The response should reproduce exactly the lines from the top of the listing below through the one that contains "METAL STAND COMES", and nothing else; pictures do not belong in it.
──────
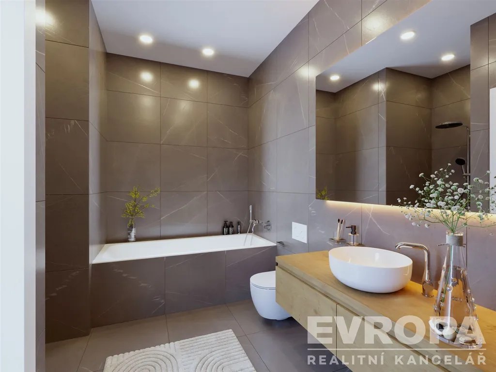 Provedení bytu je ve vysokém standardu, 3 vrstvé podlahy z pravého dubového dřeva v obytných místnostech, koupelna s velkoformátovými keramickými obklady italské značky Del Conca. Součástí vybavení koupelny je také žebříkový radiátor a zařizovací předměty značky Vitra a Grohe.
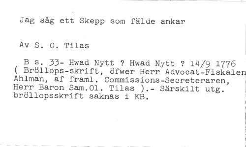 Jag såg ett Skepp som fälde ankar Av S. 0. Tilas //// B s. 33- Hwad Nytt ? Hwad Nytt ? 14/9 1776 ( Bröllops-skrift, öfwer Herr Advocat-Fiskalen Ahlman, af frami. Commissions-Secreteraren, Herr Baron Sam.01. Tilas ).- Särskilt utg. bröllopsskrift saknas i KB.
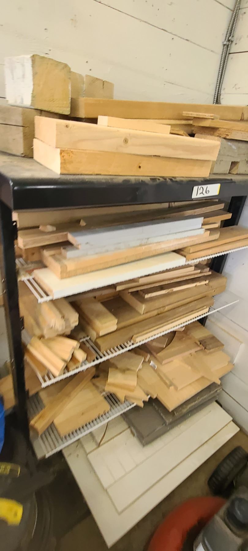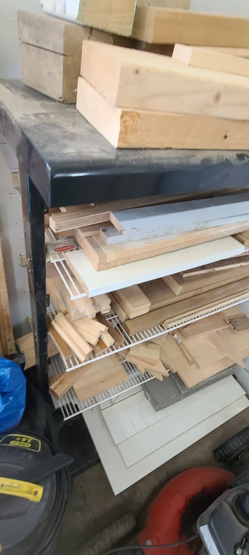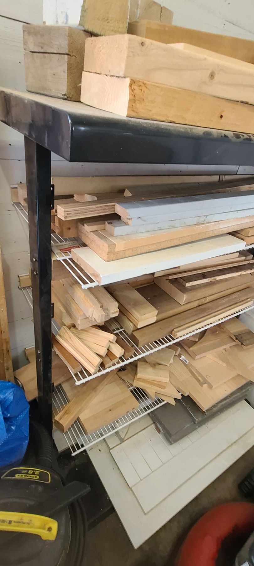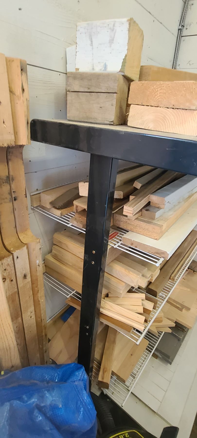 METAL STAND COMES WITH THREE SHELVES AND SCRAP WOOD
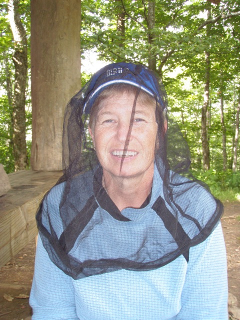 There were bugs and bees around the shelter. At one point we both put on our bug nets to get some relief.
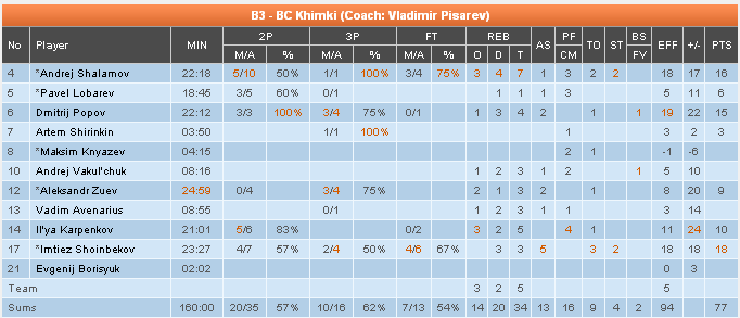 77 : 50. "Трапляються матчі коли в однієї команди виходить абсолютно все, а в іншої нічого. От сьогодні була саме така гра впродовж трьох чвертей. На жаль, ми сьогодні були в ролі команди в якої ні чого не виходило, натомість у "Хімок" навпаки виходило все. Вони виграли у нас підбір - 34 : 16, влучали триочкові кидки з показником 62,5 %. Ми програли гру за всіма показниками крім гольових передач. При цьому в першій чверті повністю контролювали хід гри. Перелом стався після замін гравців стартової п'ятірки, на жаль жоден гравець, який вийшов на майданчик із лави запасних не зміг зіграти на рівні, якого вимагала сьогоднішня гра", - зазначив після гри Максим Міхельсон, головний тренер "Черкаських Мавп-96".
──────
__ANSWER SECTION__:
 Provedení bytu je ve vysokém standardu, 3 vrstvé podlahy z pravého dubového dřeva v obytných místnostech, koupelna s velkoformátovými keramickými obklady italské značky Del Conca. Součástí vybavení koupelny je také žebříkový radiátor a zařizovací předměty značky Vitra a Grohe.
 Jag såg ett Skepp som fälde ankar Av S. 0. Tilas //// B s. 33- Hwad Nytt ? Hwad Nytt ? 14/9 1776 ( Bröllops-skrift, öfwer Herr Advocat-Fiskalen Ahlman, af frami. Commissions-Secreteraren, Herr Baron Sam.01. Tilas ).- Särskilt utg. bröllopsskrift saknas i KB.
 METAL STAND COMES WITH THREE SHELVES AND SCRAP WOOD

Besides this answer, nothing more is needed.